You are tired twice over: once from the mental and magical fatigue of your first battle; and again from being wakened abruptly from sweet, gentle sleep. Even so, a brief lifetime of Sunnydale-honed supernaturally-aware instincts are telling you that if there was a noise, you'd better get up to investigate it, lest the next time you wake up be in something's stomach.
Opening one sleep-gummy eye, you glance about the room. Nothing unusual presents itself. Your single piece of luggage is standing up by the right-hand wall where you left it. Briar - her aura dimmed to the point where it's no longer a distinct ball of red light, merely a faint glow - is curled up in a tiny futon on the bedside table that doesn't have a lamp or clock radio. The noise didn't come from her, either. There are no other obvious candidates for the source of your sleep-interruption in the room.

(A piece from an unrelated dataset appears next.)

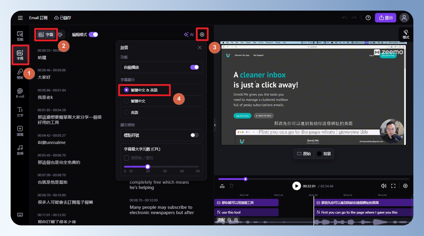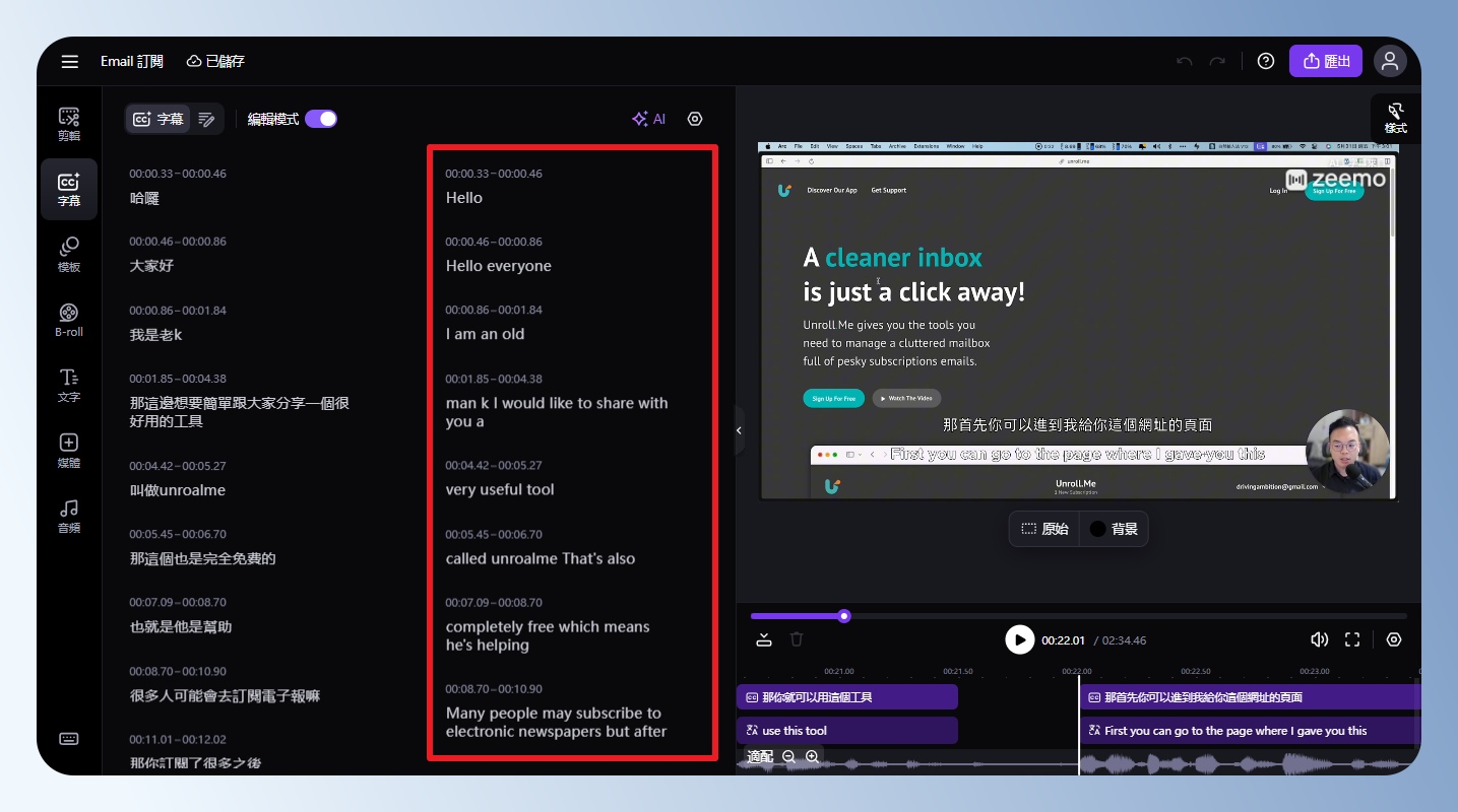字幕生成完成時,或在左側同時顯示繁體中文與英文字幕,可直接於編輯畫面中修改文字。
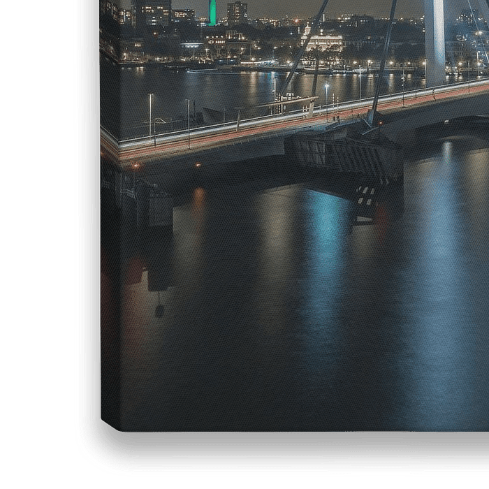 De Erasmusbrug in Rotterdam met zicht op de Euromast. Dit werk is onderdeel van de fotocollectie van MS Fotografie. Klik rechts op "Alle werken" om meer werken uit de collectie te zien.

That means you can go back to sleep, right?
The thump which comes from the front room would seem to be a clear, "No."
Sighing, you push back the sheets and haul yourself out of bed as quietly as you can, hoping to avoid tipping off who- or whatever is making the noise, and also to keep from waking Briar up.

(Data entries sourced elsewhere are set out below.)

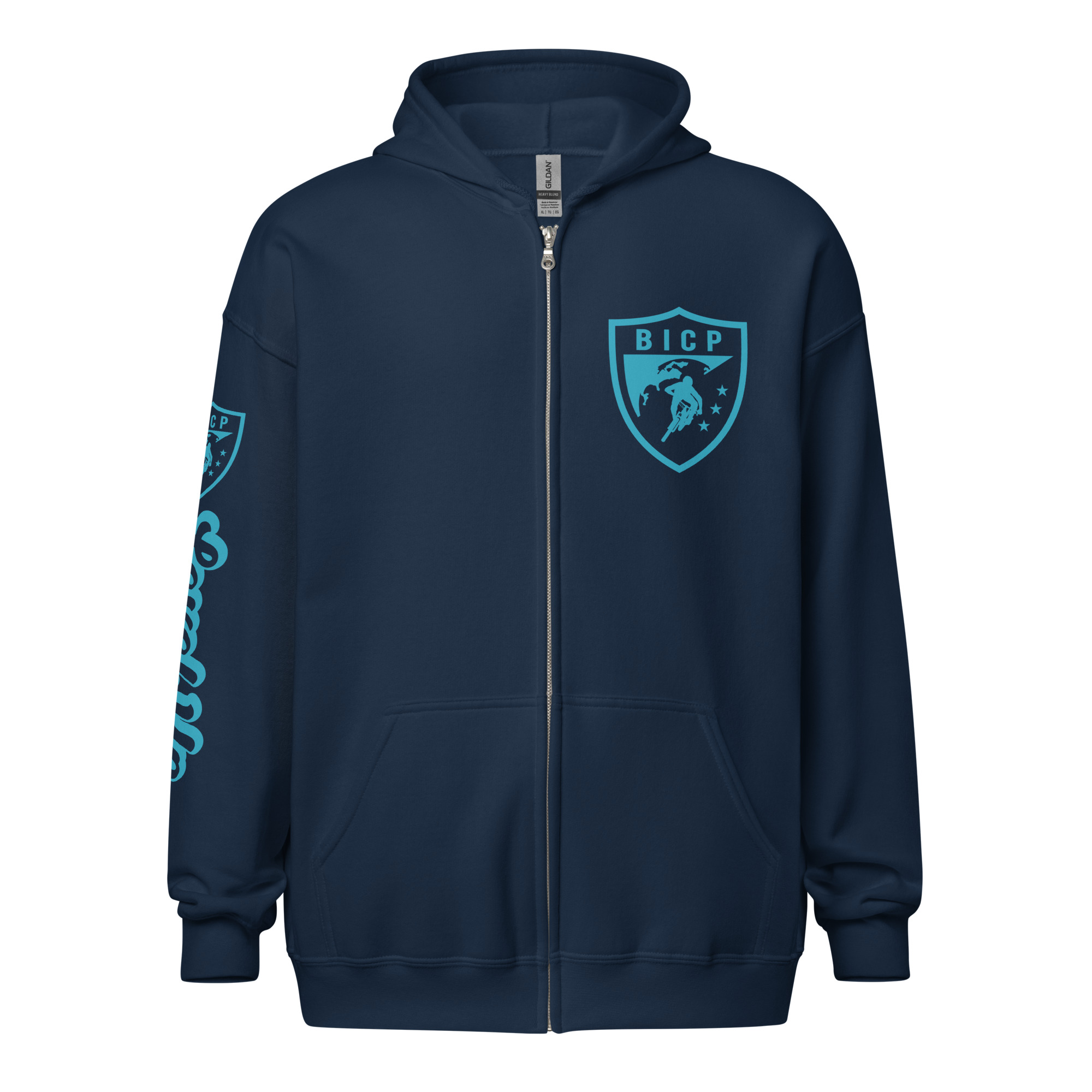 Designed with style and comfort in mind, this hoodie will quickly become your new favorite. It’s made from soft fleece inside and outside, with a sturdy metal zipper, convenient front pockets, and a hood with color-matched drawstrings.
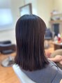 切りっぱなしラインですが、動きが出るよう毛量と毛先に軽さを入れます。髪質改善カラー×オージュア濃密保水「アルティール」×炭酸スパで地肌から髪から栄養たっぷり送り込みます。
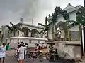 On the previous day of the festival, on 28 April 2015, from the Nataraja shrine of the Big Temple procession took place to the accompaniment of melas and nadasvarams. On the festival day, on 29 April 2015 [10] the chariot started.[16] At 5.15 a.m. Panchamurtis, the five processional deities such as Vinayaka, Subramania, Thyagaraja with consort, Devi and Chandikesvarar came from the temple premises through Sivagangai Park and reached where the chariot was kept. At 6.15 a.m. all the deities were kept in their respective places. After the conduct of special pujas, thousands of devotees pulled the chaript. Followed by caparisoned elephant the chariots moved. To the front of the main chariot of the presiding deity Thyagaraja and Kamalambal, the small chariots of Vinayaka and Subramania went. Amman chariot and Chandikesvara chariot followed the main chariot. Folk dancers of Thappattam, Kolattam, Mayil Attam and Silambattam and Oduvars singing Devaram accompanied the chariot. In many places the chariots were stopped for the easier view and worship of the devotees and conduct of pujas and cracking of cocoanuts.[17] [18][19] Every year this festival is being held.

The tiny little groan coming from the tiny little futon, where a certain tiny little person has just mashed her tiny little face into a tiny little pillow, suggests that you have failed in your second objective.

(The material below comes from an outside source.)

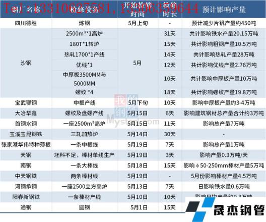 據(jù)不完全統(tǒng)計(jì),截至5月20日,國(guó)內(nèi)13家無(wú)縫厚壁鋼管廠家發(fā)布檢修計(jì)劃。其中,中天鋼鐵因一座轉(zhuǎn)爐檢修,坯料不足,兩條棒材線停產(chǎn)檢修,預(yù)計(jì)5月份影響棒材產(chǎn)量4.5萬(wàn)噸。
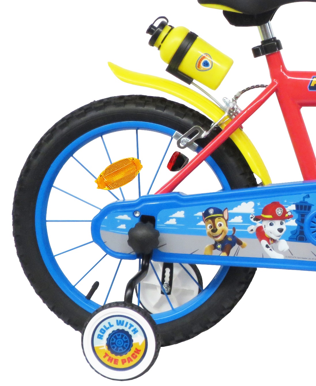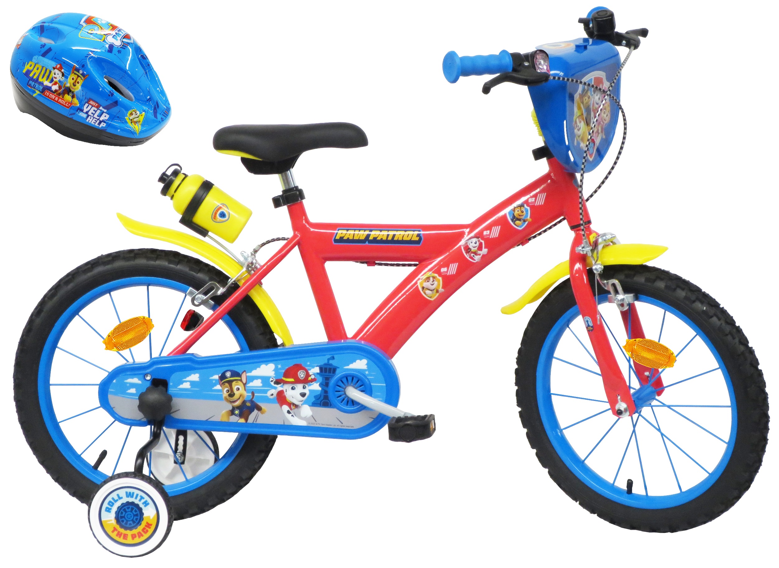 Vélo 16" Garçon Licence Pat Patrouille" + Casque pour enfant de 4 à 6 ans - Cadre Acier - Direction et pédalier en nylon - Roue libre monovitesse - Freins avant et arrière Calliper -Selle réglable - Carter de chaîne intégral - Gardes boue et poignées spécifiques pour augmenter la protection de l'enfant - Jantes à rayons - Pneus gonflables noirs - Stabilisateurs (montage sans outil) - Plaque décorative avant - Porte bidon - Gourde - Avertisseur sonore - Eclairage à piles fournies - Catadioptres de roues

"Sorry, Briar," you apologize. "Just restless again."
"If you try to run off to fight another monster, Alex, I will slay you," the fairy promises grimly. "Don't think I won't."
Warning given, Briar gets up, begins projecting something closer to her normal glow, and trails after you - yawning audibly - as you head for the door.
The scene on the other side is... well. There are two skinny, half-dressed old men with too little hair on their heads and too much growing on their chests and armpits - ew - bouncing around the room like a pair of demented superballs. One of the two is Lu-sensei, who is wearing his pajama pants and an expression of concentration as he leaps over and around the furniture, occasionally brushing bolts of fire - ! - out of the air and pulverizing small creepy-crawlies with glowing hand strikes. The intruder is no one you recognize: deeply tanned, wearing some kind of half-robe, half-pants thing with bright color patterns, like those Hawaiian shirts Cordy forbade you to ever buy or wear, on pain of torture. He's also draped in large strings of beads and other knick-knacks - some wood, some plastic, a few either glass or another sort of crystal, and others that look like bone - which rattle as he moves about the room in brief bursts of teleportation whenever Lu-sensei gets too close.
"...it is too damn early for this crap," Briar moans.
You sort of agree with her.
At a glance, Lu-sensei appears to have things well in hand. At the very least, he's simply in the zone, whereas his opponent is visibly sweating and starting to breathe hard. Between his age and his ability to teleport three - make that four - times since you peeked into the room, you're guessing this guy must be Arrogante's summoner; flunkies can't teleport that often or that accurately, even at short range. The fact that fighting Lu-sensei is clearly taking a toll on the intruder is really not all that surprising. People who summon big nasty monsters like Arrogante to do their bidding frequently do so because they, themselves, are not big nasty monsters, and given what you know of the advantages and limitations of Earth's major magical traditions... yeah, you can see how a guy who could use ritual and external power sources to call up an overgrown cephalopod that you had to work to kill might end up struggling in close-quarters combat with your crazy old master.